Using FreeBSD For Operating Systems Course Lab

Ken Smith

kensmith@cse.buffalo.edu
  

FreeBSD is a registered trademark of Wind River Systems, Inc. This is expected to change soon.

Intel, Celeron, EtherExpress, i386, i486, Itanium, Pentium, and Xeon are trademarks or registered trademarks of Intel Corporation or its subsidiaries in the United States and other countries.

Many of the designations used by manufacturers and sellers to distinguish their products are claimed as trademarks. Where those designations appear in this document, and the FreeBSD Project was aware of the trademark claim, the designations have been followed by the ``™'' or the ``®'' symbol.

This article describes using FreeBSD 5.X for an Operating Systems course, though the information may be useful to anyone trying to set up a Crash Lab for Operating Systems research/development. The lab configuration described has been used for a second semester course about Operating Systems programming for six years now, though the base operating system has been FreeBSD for only the past three years. It has supported class sizes up to thirty students though expanding it to handle more students would not be difficult. How to configure the systems so the students can work independently and not interfere with each other, while not requiring their own dedicated machine, is described.


Table of Contents
1. Introduction
2. Lab Hardware Configuration
3. Specific Configuration Issues
4. References

1. Introduction

Operating Systems Programming Courses can benefit greatly from hands-on work with a real-life operating system. This gives students experience in the same environment they would most likely find a job - working with an already existing system. Skills learned exceed just the programming. Students typically need to read and understand a significant portion of the existing code before they can modify it to do the assignments. The procedures required to do things like add system calls demonstrate extra functionality in the normal UNIX® software build tools. Use of things like Source Code Management systems make some aspects of the course easier and should be considered a required part of the course. As a side-effect of needing to reboot crash machines for testing purposes some aspects of system administration come into play. Many more aspects of system administration are learned if the students decide to set up their own crash machine, which is possible but not required (they can work on the lab machines).

FreeBSD makes an excellent system to base the course on. The lab can be set up so the students can share the computers and are still able to work independently on their projects. Source code abides by style guides that are documented which makes it easier to follow. Mechanisms are available to help navigate the kernel source code locating functions without needing to know in advance what file they are defined in. As of FreeBSD 5.0 the kernel itself has been set up to allow multiple threads of control so Multiprocessing issues are seen all through the existing code and students need to consider those issues as part of their projects.

The lab configuration works well for this course but has also been used by research groups interested in having groups of researchers working on a large project. It is also possible for students to work on home machines and "port" their work to the lab machines for grading purposes if the general guidelines for the lab configuration are followed (and the students abide by the use of the Source Code Management system as recommended).

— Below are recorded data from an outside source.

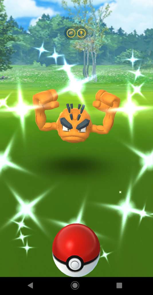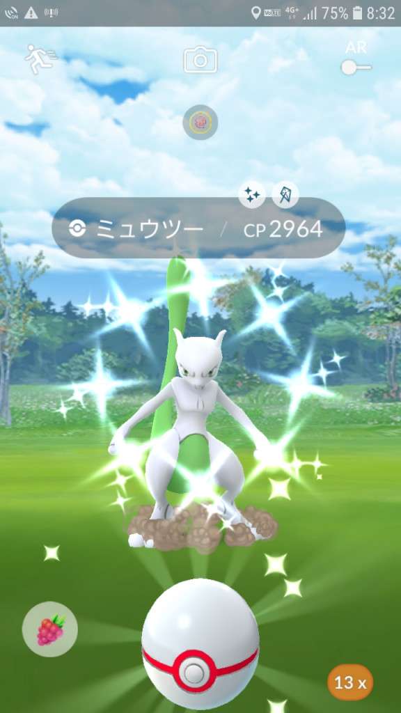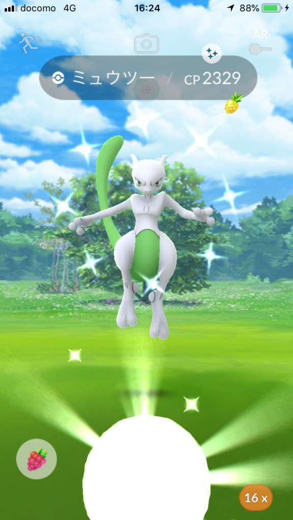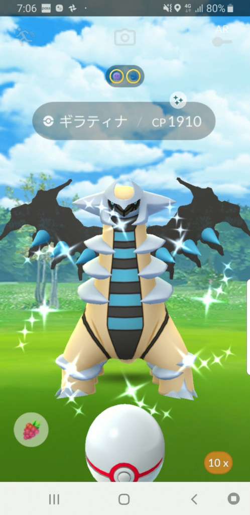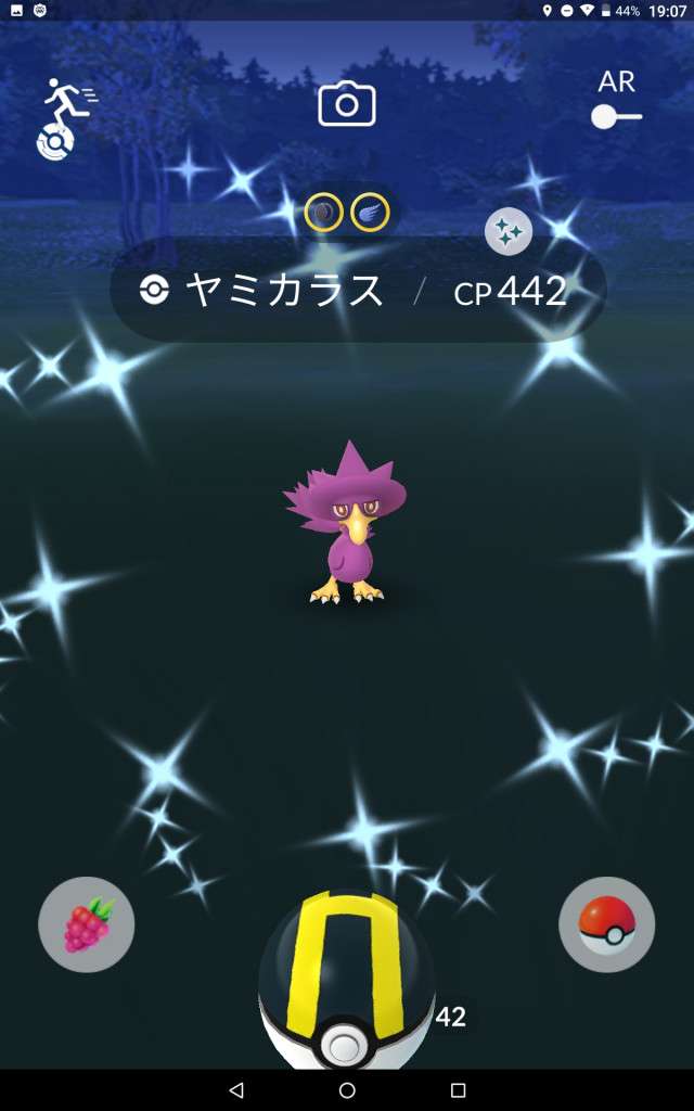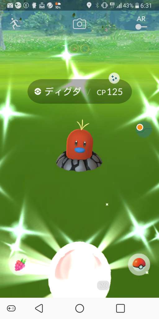 ・色違い出現したら、右上「AR+」のON・OFF切り替えで、タイミング良く写るまで何回も挑戦
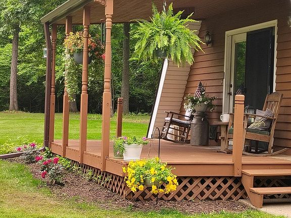 Attractive fireplaceTwo carpeted bedroomsSpacious two-car detached garageNewer rear deckSurrounded by peaceful woodsExtra lotLovely open front porch
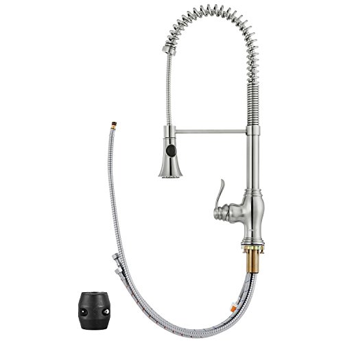 Solid brass kitchen faucet with retractable and 360-degree swivel spout expandable up to 32.5" lets you put the water where you need it; Our faucets use high quality ceramic valves, surviving 500000 times using without leakage and provide smoothly open-closed; Water Mode: stream/spray
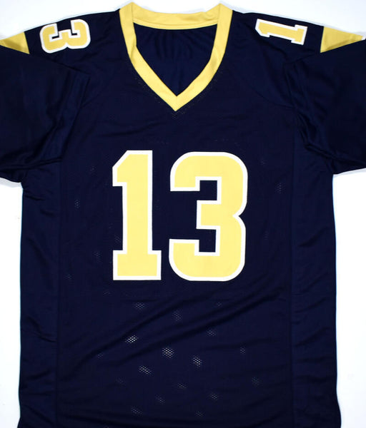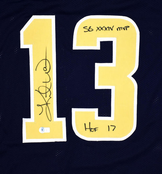 Kurt Warner Autographed Blue Gold Pro Style Jersey w/HOF, SB MVP -Beckett W Hologram *Black THIS IS NOT AN NFL JERSEY. THIS HAS NO TAGS, NO LOGOS, NO EMBLEMS. This is a Kurt Warner of the St. Louis Rams hand autographed custom made (non name brand) authentic style (stitched letters and numbers) jersey. Inscribed SB MVP and HOF. This item has a Beckett Witnessed Authentication, which comes with a numbered hologram and a QR code for verification. You can view this item on the Beckett Authentication website, it shows when and where the item was signed. It was signed either at a public autograph appearance or a private signing. This is a stock photo of the item. Although you may not receive this exact item, the item you receive is virtually identical, brand new, and in great shape. Jersey size is XL.
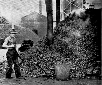 Until 1931 the coal was introduced by mkanual labour, but today a large machine operating on a railway track and served by conveyor chains, backs up to the opened end of the retort and pushes the fresh coal in to take the place of the carbonized coal which is ejected as coke at the other end, where it is in turn carried out by underground conveyor chains, copoled by water, and thence by overhead conveyors to the coke stacks, where it is graded for specialised use.
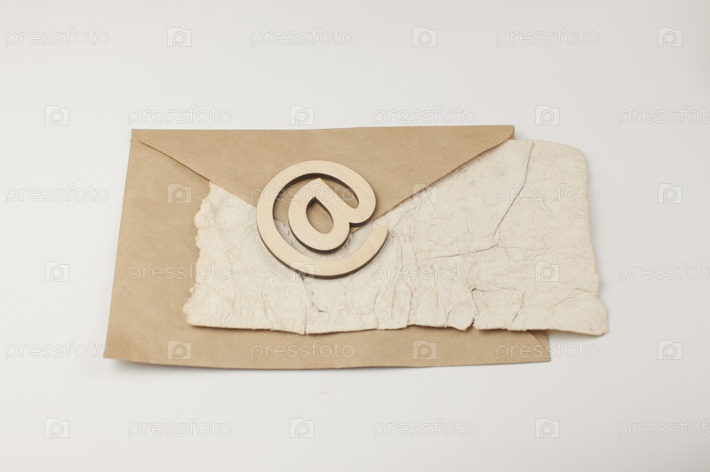 Знак электронной почты на коричневом конверте с чистым листом старой бумаги лежит на белом фоне. Концептуальное письмо по электронной почте

2. Lab Hardware Configuration

The basic setup of the lab is to have one central server that all students have unprivileged accounts on. This is where the home directories are located, and provides a stable place that all students can do the majority of their editing. Students do not install their kernels here or reboot this machine as part of their work. They typically log in using ssh(1) and do their work using normal text editors. Because of the way the FreeBSD kernel is built this machine can be used to do the kernel builds as well.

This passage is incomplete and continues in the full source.